Hence, performing the long division we get:

$8 x^4-3 x^3-464 x^2-850 x+384=0$

$(8x-3)(x^3-58 x-128)=0$

Ah! The second factor is easy to solve, since we could approach it using the Cardano's cubic formula.

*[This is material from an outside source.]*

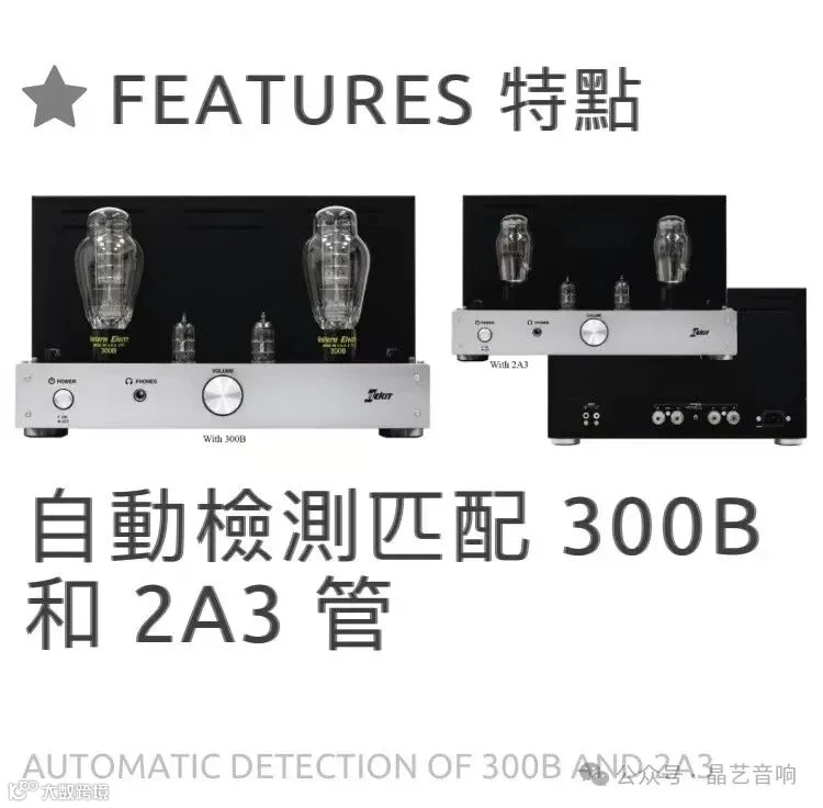 300B 和 2A3 这样直热式的三极管在发烧友们一直享有很高的评价且受到欢迎。300B 具有浓厚的中频韵味和宽松的低音表现,2A3 则具有细腻的表现张力和柔和滑顺的美妙音色,它们各自具其独一无二的特色氛围。然而这两种真空管虽然外观相似,但电路特性却大不相同。TU-8900E 透过 ELEKIT 独特的巧思与设计,如今我们能够在不调整或是改变任何真空管扩大机参数设定的情况下,随揷即用享受着 2A3 与 300B 所带来的迷人魅力,不论是古典的老管或是现代还在生产的近代管,乐?友?们均可自由尝试各种不同品牌版本所带来的乐趣。( TU-8900E 套件均不包含真空管 )

Using the Cardano's cubic formula where it says if we have the cubic equation $x^3+ax^2+bx+c=0$, the solutions for $x$ are hence

$x_1=-\dfrac{1}{3}a+(S+T)$,

$x_2=-\dfrac{1}{3}a-\dfrac{1}{2}(S+T)+\dfrac{i\sqrt{3}}{2}(S-T)$ and

$x_3=-\dfrac{1}{3}a-\dfrac{1}{2}(S+T)-\dfrac{i\sqrt{3}}{2}(S-T)$

where

$Q=\dfrac{3b-a^2}{9},\,R=\dfrac{9ba-27c-2a^3}{54}$,

$D=Q^3+R^2$,

$S=(R+\sqrt{D})^{\frac{1}{3}}$, $T=(R-\sqrt{D})^{\frac{1}{3}}$.

In our case, we have:

$Q=\dfrac{3(-58)-0^2}{9}=-\dfrac{58}{3},\,R=\dfrac{9(-58)(0)-27(-128)-2(0)^3}{54}=64$,

$D=Q^3+R^2=\left(-\dfrac{58}{3}\right)^3+64^2=-\dfrac{84520}{27}$

Therefore

$S=\left(64+i\sqrt{\dfrac{84520}{27}}\right)^{\frac{1}{3}}$, and

$T=\left(64+i\sqrt{\dfrac{84520}{27}}\right)^{\frac{1}{3}}$

The solutions for $x$ are hence

$\small \begin{align*}x_1&=-\dfrac{1}{3}(0)+\left(64+i\sqrt{\dfrac{84520}{27}}\right)^{\frac{1}{3}}+\left(64-i\sqrt{\dfrac{84520}{27}}\right)^{\frac{1}{3}}\\&=\left(64+i\sqrt{\dfrac{84520}{27}}\right)^{\frac{1}{3}}+\left(64-i\sqrt{\dfrac{84520}{27}}\right)^{\frac{1}{3}}\end{align*}$


$\small \begin{align*}x_2&=-\dfrac{1}{3}(0)-\dfrac{1}{2}\left(\left(64+i\sqrt{\dfrac{84520}{27}}\right)^{\frac{1}{3}}+\left(64-i\sqrt{\dfrac{84520}{27}}\right)^{\frac{1}{3}}\right)+\dfrac{i\sqrt{3}}{2}\left(\left(64+i\sqrt{\dfrac{84520}{27}}\right)^{\frac{1}{3}}-\left(64-i\sqrt{\dfrac{84520}{27}}\right)^{\frac{1}{3}}\right)\\&=-\dfrac{1}{2}\left(\left(64+i\sqrt{\dfrac{84520}{27}}\right)^{\frac{1}{3}}+\left(64-i\sqrt{\dfrac{84520}{27}}\right)^{\frac{1}{3}}\right)+\dfrac{i\sqrt{3}}{2}\left(\left(64+i\sqrt{\dfrac{84520}{27}}\right)^{\frac{1}{3}}-\left(64-i\sqrt{\dfrac{84520}{27}}\right)^{\frac{1}{3}}\right)\end{align*}$


$\small \begin{align*}x_3&=-\dfrac{1}{2}\left(\left(64+i\sqrt{\dfrac{84520}{27}}\right)^{\frac{1}{3}}+\left(64-i\sqrt{\dfrac{84520}{27}}\right)^{\frac{1}{3}}\right)-\dfrac{i\sqrt{3}}{2}\left(\left(64+i\sqrt{\dfrac{84520}{27}}\right)^{\frac{1}{3}}-\left(64-i\sqrt{\dfrac{84520}{27}}\right)^{\frac{1}{3}}\right)\end{align*}$

To conclude, the solutions for solving the equation $8 x^4-3 x^3-464 x^2-850 x+384=0$ are the above three $x$ and $x=\dfrac{3}{8}$.